After watching Bruce McDonald’s Dreamland, I had the same odd fuzzy feeling you get right as you wake up and cannot quite grasp all the details of a nightmare. What I saw was endlessly interesting, and often funny, but I must admit, I am not quite sure what the point of the film was. The logic in most dreams rarely make sense, so it’s possible that is exactly the point. I have had similar brain melts after watching David Lynch classics. While other people around me are raving over its greatness, I’m there going “What just happened?”

Official Synopsis: On the night of one of the strangest weddings in cinema, a crazy gang boss hires a stone-cold killer to bring him the finger of a fading, drug-addicted jazz legend.

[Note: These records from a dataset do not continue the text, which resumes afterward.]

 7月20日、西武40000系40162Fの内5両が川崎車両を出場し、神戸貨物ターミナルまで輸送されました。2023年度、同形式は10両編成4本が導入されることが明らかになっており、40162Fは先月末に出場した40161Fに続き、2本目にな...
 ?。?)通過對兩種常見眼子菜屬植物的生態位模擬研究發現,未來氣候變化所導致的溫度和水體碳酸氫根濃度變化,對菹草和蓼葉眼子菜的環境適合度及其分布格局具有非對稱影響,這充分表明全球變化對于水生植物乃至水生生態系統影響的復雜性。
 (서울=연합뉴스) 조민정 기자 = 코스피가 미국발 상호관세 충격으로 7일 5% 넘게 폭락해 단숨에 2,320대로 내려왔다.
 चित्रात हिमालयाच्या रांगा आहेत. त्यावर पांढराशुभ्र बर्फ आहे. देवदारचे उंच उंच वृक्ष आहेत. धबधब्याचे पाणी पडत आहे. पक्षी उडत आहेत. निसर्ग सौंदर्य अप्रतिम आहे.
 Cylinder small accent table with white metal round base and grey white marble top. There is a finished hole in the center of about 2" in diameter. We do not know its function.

Steven McHattie (Pontypool, Come to Daddy) plays a hitman named Johnny, and a talented trumpet player who goes by the name The Maestro. An odd choice for the same actor to play two vastly different guys who interact with each other and that no one seems to notice they look alike. McDonald makes no attempt to have their faces look different, just their hair. An experienced genre actor, McHattie does the heavy lifting, by creating two extremely contrasting characters who are oddly not that hard to separate, even when they are talking face-to-face. Johnny is a tough as nails hitman, and Maestro is a drug-addled heroin junkie and trumpet virtuoso.

Though vague, the story is still a compelling vision full of outrageous characters.

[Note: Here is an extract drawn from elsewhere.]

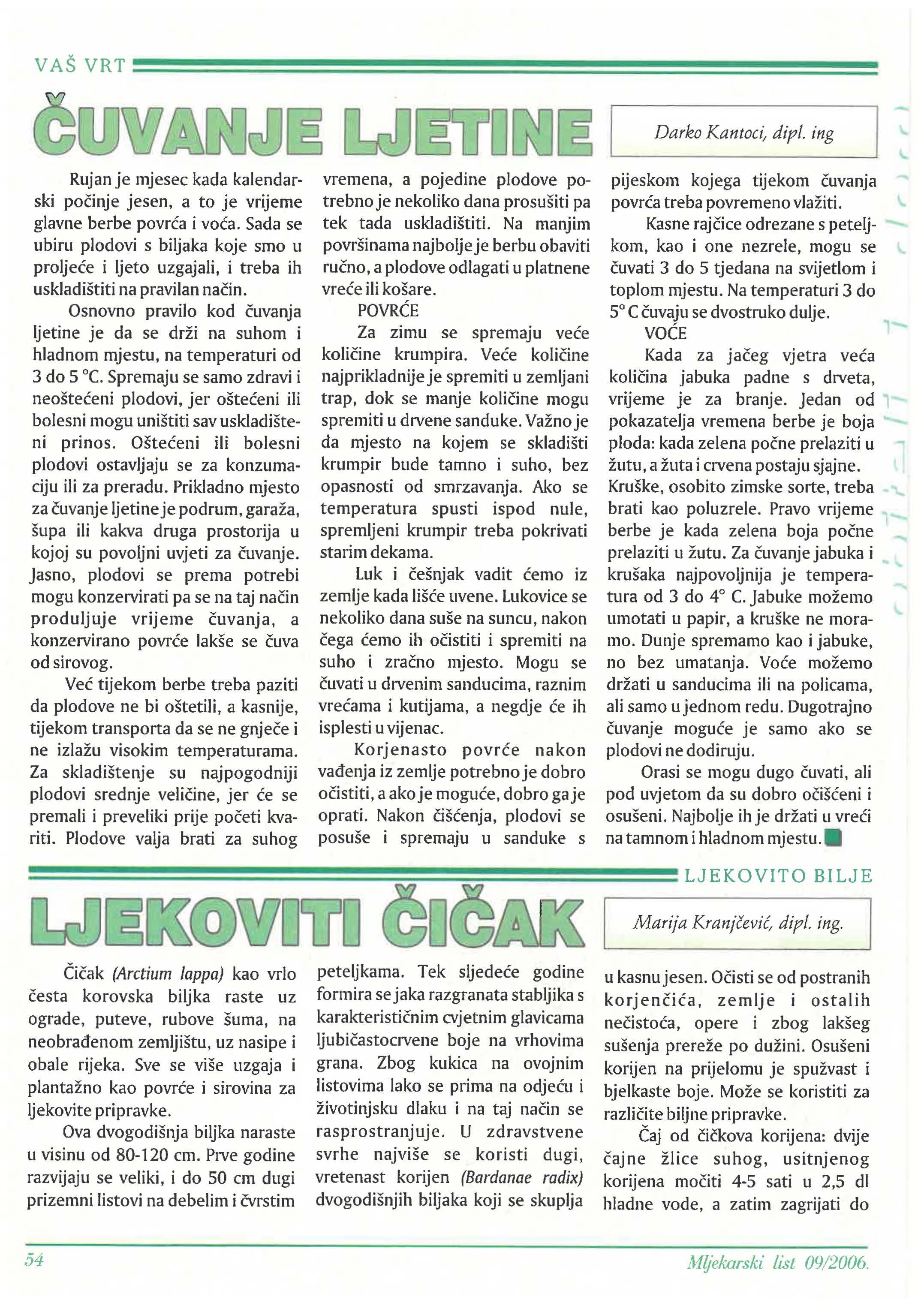 Rujan je mjesec kada kalendarski jesen, a to je vrijeme glavne berbe i Sada se ubiru plodovi s biljaka koje smo u i ljeto uzgajali, i treba ih uskladištiti na pravilan Osnovno pravilo kod ljetine je da se drži na suhom i hladnom mjestu, na temperaturi od 3 do 5 °C. Spremaju se samo zdravi i plodovi, jer ili bolesni mogu uništiti sav uskladišteni prinos. ili bolesni plodovi ostavljaju se za konzumaciju ili za preradu. Prikladno mjesto za ljetine je podrum, garaža, šupa ili kakva druga prostorija u kojoj su povoljni uvjeti za Jasno, plodovi se prema potrebi mogu konzervirati pa se na taj produljuje vrijeme a konzervirana lakše se od sirovog.

Johnny works for the sleazy Hercules, (Henry Rollins) a villain right out of a comic book, who runs prostitution, drug dealing, and a human trafficking ring from a local strip club. He recently sold some heroin to the Maestro, who could not remember his name. This was a horrible slight to the narcissistic Hercules, who asks Johnny to remove the Maestro’s pinky just as a small punishment. Johnny can kill with no qualms, but a finger, that does not seem right.

The assassin’s latest job for Hercules was to do away with some creepy foreign pedophiles. Johnny considered them monsters, and he killed them no problem, only to find out that they were Hercules’ competition and now the slimebag is in the child prostitution business. This does not sit well with our hitman; even he has rules.

In the dark and twisted story, Maestro is set to play at the wedding of the local Count, who is marrying a young girl he hand-picked, and Hercules had abducted. This 14-year-old bride-to-be is Johnny’s neighbor and at the request of the girl’s little brother, he makes it his mission to save this innocent from the evil Count who, oh yeah, happens to be a vampire.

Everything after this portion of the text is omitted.